I feel like I’ve just gotten started; how can CCK2011 be ending? I’m going to argue two contradictory perspectives on timing here because I keep waffling between them; then I’m going to finish up by promoting the idea that George and Stephen shouldn’t facilitate CCK next time but instead form a granny cloud of well-wishers.
Why CCK2012 should be longer
The next iteration of CCK should last for 18 weeks. With the lengthened time comes more opportunity to engage at a deeper, ongoing level with the materials that we have been given and that we’re finding on our own. The reading list may end up being filled with the same content, but some of that content—perhaps most especially the readings at the beginning that are quite dense and set up the course—could be spread out a bit to give us time to digest.
In graduate school, courses were 3-4 hours long each week, with intense discussions of what we were reading; that gave me the opportunity to carve out time to talk about the materials and really shake down what I thought about them and how I could use them. The hourlong discussions on Elluminate do not grant us a lot of time (although I hear the FaceBook group has online discussions that go deeper than what we’re able to achieve on Elluminate) and at least a third of them are about listening to guest speakers. Don’t misread me: I love those. But I would have enjoyed, say, another hour after Cable Green’s presentation to talk about all the information he gave us about the work he’s doing. And blogging, which I’ve tried for the first time for this course, doesn’t give the same sustained conversation as real life can.
And because this is not graduate school, which some of us may be used to, having a longer course may allow us to settle into the format before the course starts winding down. I know that just a couple weeks ago was the start of feeling like I had a rhythm to my work for the course: after reading the materials over the weekend, I check the Daily, go to the CCK site to navigate the blog posts and pull out what interests me, read it, click links in it, click around looking for new stuff, etc., on Tuesdays in preparation for Wednesday’s online session. On Thursday or Friday I might start a blog post about it (some of which have never been posted for general consumption).
In addition, a longer course would have allowed a few lulls along the way. Perhaps the Week 4 dropoff in participation could be planned for and accommodated; that is, at Week 5 we take a break to chew over things a bit so that at Week 6 we’re reenergized and raring to go. At Week 10 or 12, same thing. At that point, too, we could have a break to start thinking of our final projects and what we want to create as our artifact for the course. Right now I want more mulling time to think about my project, but I’m running out of days.
Why CCK2012 should be shorter
The next iteration of CCK should last for six weeks and should cull down the weekly readings into two at the most. This gives participants, most of whom are working adults, the time to use those limited readings to jump into their own explorations of content. Exploring on one’s own, making those connections to what you find, is an important part of the experience of a distributed course. Shorter, intense bursts of energy and activity are the way that some people approach a new learning opportunity. I have seen adult learners obsess about a topic, say kabuki theater or bonsai (I’m using my husband as an example here), and gorge on every piece of information they can find…and then move on to a new intensity.

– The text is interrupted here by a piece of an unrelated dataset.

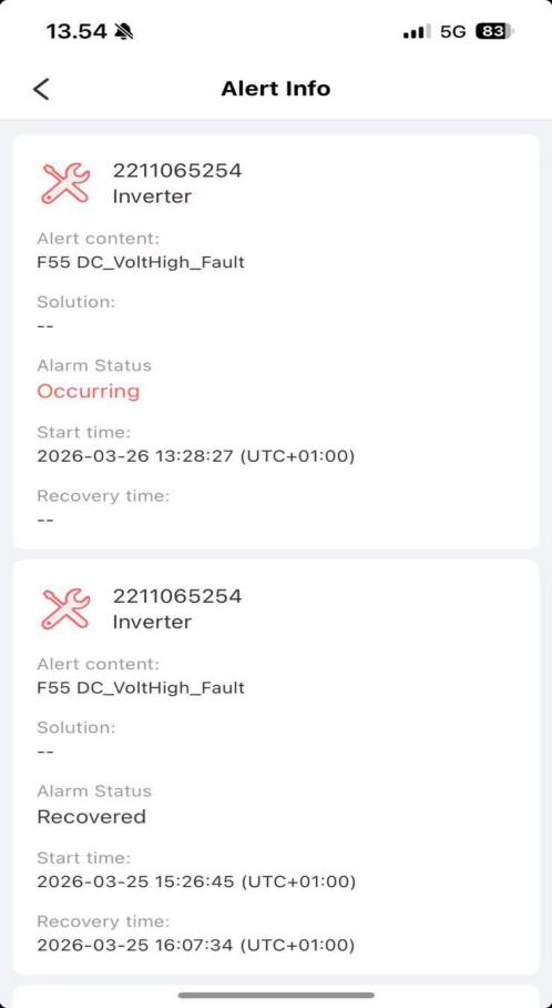 - Radix causae: chorda PV1 modulorum nimis multos continet in serie, ut ambitus intentionis apertae signanter invertentem excedat. ' s MPPT vel DC initus fines. Screenshot ostendit 799,90 V quod fines proprios longe excedit.
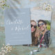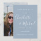 Elegante cartão de salvar a data em azul empoeirado com nomes em estilo de assinatura, este cartão pode ser personalizado com as informações do seu dia especial de casamento em tipografia chic e sua foto especial no verso. Projetado por Thisisnotme©

A shorter CCK would also allow a more intense focus for the time we do share. The fourth week dropoff in participation has been mentioned in writings about MOOCs, and I think that with a finish line more closely in sight at six weeks, people may be more likely to pull up their big girl panties and keep up the intensity. For instance, these last 3 weeks or so, my life has been crowding in on any time I can dedicate to this experience. Many people’s initial enthusiasm cools a bit, not because they’re not interested but because the experience is now more “known” than it was before.
In addition, I think a shorter course would help the facilitators manage their time and efforts, too. They could give it more attention knowing that there is a shorter range of time that it will take and could arrange it to happen during part of a year that is for them not as busy with other commitments. A longer break between courses also allows them to help find/foment new content that they could bring back to the learning experience.
Lighten the load
I think I could also write about Why CCK2012 Should Be Taught by a Different Team. Not because George and Stephen didn’t do a good job, but because in that way not only is the course content and participation distributed but also the teaching is distributed. That’s not really a radical model; we did that a lot in graduate school, where each week a student was responsible for leading the discussion about whatever we were doing. They’ve done the course; they’ve collaborated to make it work three times now. Perhaps a cohort of former students could take on its next design and delivery? We could scope for new materials, especially out of the artifacts of prior courses, or create what we think we might need. Six or seven people could take different microtopics and continually develop them.
That way, Stephen and George could swoop in periodically and give us all a cheer. I’ve written about granny clouds before, and Stephen and George could visit our blogs as benign mentors just to say “Hi. I stopped by to see that you’re writing about really interesting things. Keep it up, and best wishes!” They could see the course morph into something they hadn’t expected, perhaps. Alternatively, they could lurk under assumed identities and stir things up a bit by disagreeing with everything.